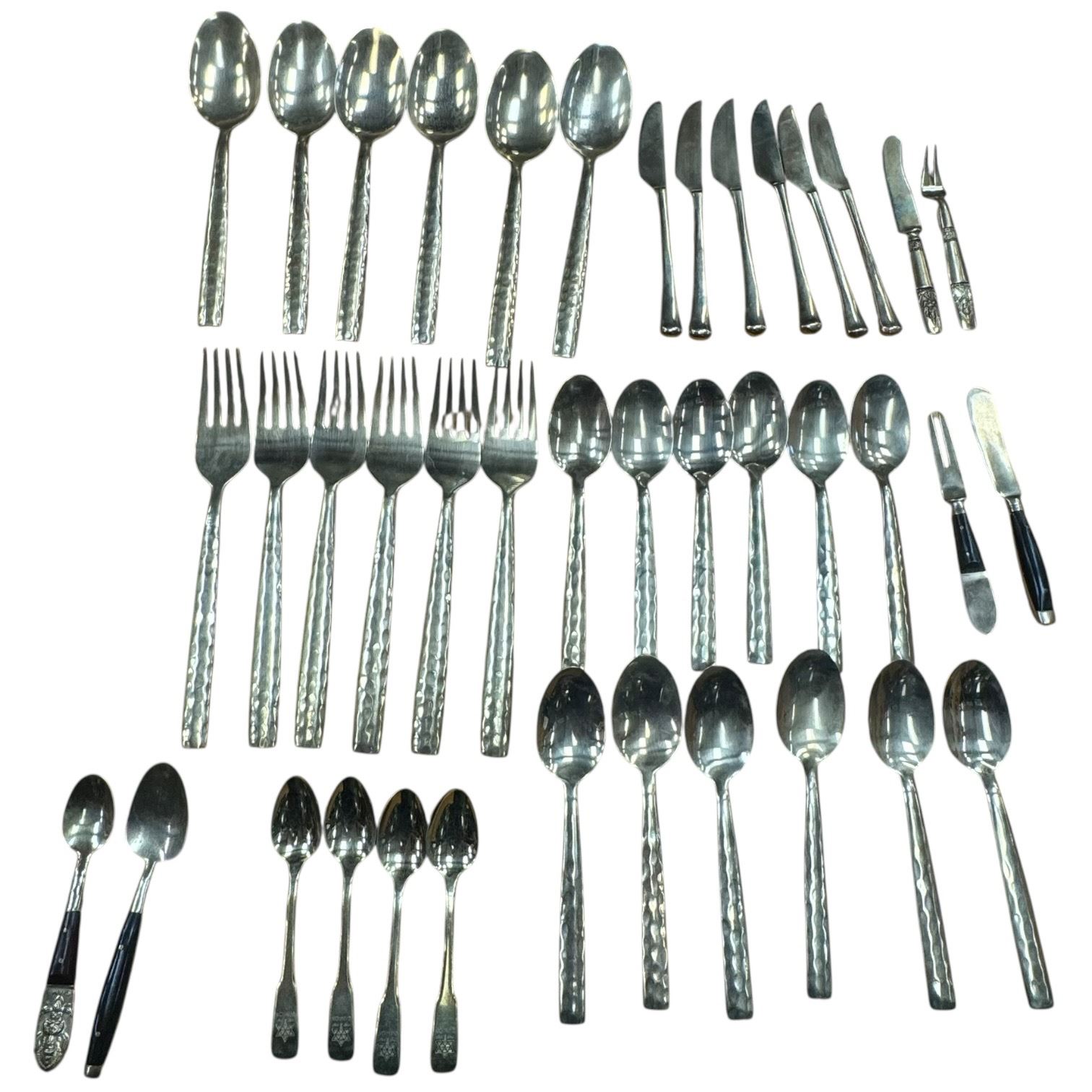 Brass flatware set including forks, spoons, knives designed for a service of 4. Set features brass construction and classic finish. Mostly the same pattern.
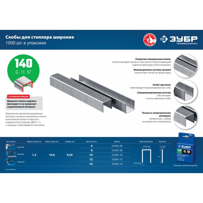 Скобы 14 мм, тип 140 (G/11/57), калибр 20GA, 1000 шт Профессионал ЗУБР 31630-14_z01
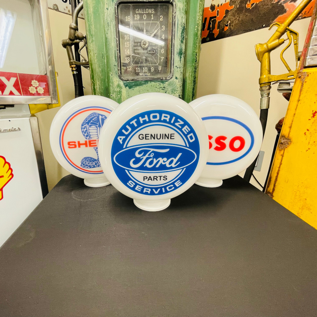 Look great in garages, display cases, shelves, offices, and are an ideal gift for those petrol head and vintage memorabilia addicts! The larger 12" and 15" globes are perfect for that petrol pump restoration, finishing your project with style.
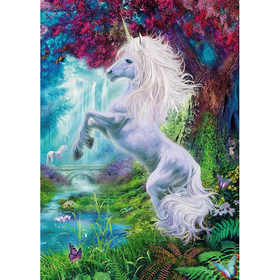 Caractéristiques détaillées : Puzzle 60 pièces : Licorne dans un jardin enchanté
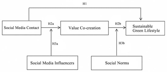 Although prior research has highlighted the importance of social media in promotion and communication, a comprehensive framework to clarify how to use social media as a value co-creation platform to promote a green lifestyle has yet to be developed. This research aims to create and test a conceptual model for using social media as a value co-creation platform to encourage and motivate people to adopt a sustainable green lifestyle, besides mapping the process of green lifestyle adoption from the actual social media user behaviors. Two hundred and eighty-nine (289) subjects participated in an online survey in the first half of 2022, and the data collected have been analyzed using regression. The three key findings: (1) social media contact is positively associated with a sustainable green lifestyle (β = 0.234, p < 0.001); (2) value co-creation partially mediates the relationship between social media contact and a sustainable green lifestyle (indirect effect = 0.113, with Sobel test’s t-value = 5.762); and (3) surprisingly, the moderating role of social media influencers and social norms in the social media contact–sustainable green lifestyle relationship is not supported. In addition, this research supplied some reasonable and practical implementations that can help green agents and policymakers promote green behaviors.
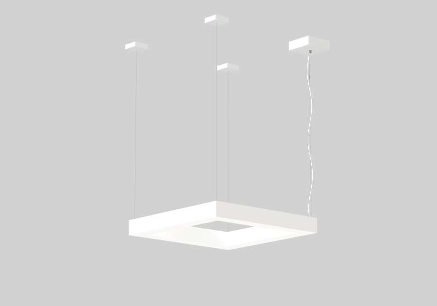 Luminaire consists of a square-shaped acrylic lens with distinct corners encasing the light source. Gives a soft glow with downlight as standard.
━━━━━━━━━━━━━━━━━━━━━━━━━━━━━━
To do: Each entry above should be written out again exactly, without its pictures.

Expected output:
 Brass flatware set including forks, spoons, knives designed for a service of 4. Set features brass construction and classic finish. Mostly the same pattern.
 Скобы 14 мм, тип 140 (G/11/57), калибр 20GA, 1000 шт Профессионал ЗУБР 31630-14_z01
 Look great in garages, display cases, shelves, offices, and are an ideal gift for those petrol head and vintage memorabilia addicts! The larger 12" and 15" globes are perfect for that petrol pump restoration, finishing your project with style.
 Caractéristiques détaillées : Puzzle 60 pièces : Licorne dans un jardin enchanté
 Although prior research has highlighted the importance of social media in promotion and communication, a comprehensive framework to clarify how to use social media as a value co-creation platform to promote a green lifestyle has yet to be developed. This research aims to create and test a conceptual model for using social media as a value co-creation platform to encourage and motivate people to adopt a sustainable green lifestyle, besides mapping the process of green lifestyle adoption from the actual social media user behaviors. Two hundred and eighty-nine (289) subjects participated in an online survey in the first half of 2022, and the data collected have been analyzed using regression. The three key findings: (1) social media contact is positively associated with a sustainable green lifestyle (β = 0.234, p < 0.001); (2) value co-creation partially mediates the relationship between social media contact and a sustainable green lifestyle (indirect effect = 0.113, with Sobel test’s t-value = 5.762); and (3) surprisingly, the moderating role of social media influencers and social norms in the social media contact–sustainable green lifestyle relationship is not supported. In addition, this research supplied some reasonable and practical implementations that can help green agents and policymakers promote green behaviors.
 Luminaire consists of a square-shaped acrylic lens with distinct corners encasing the light source. Gives a soft glow with downlight as standard.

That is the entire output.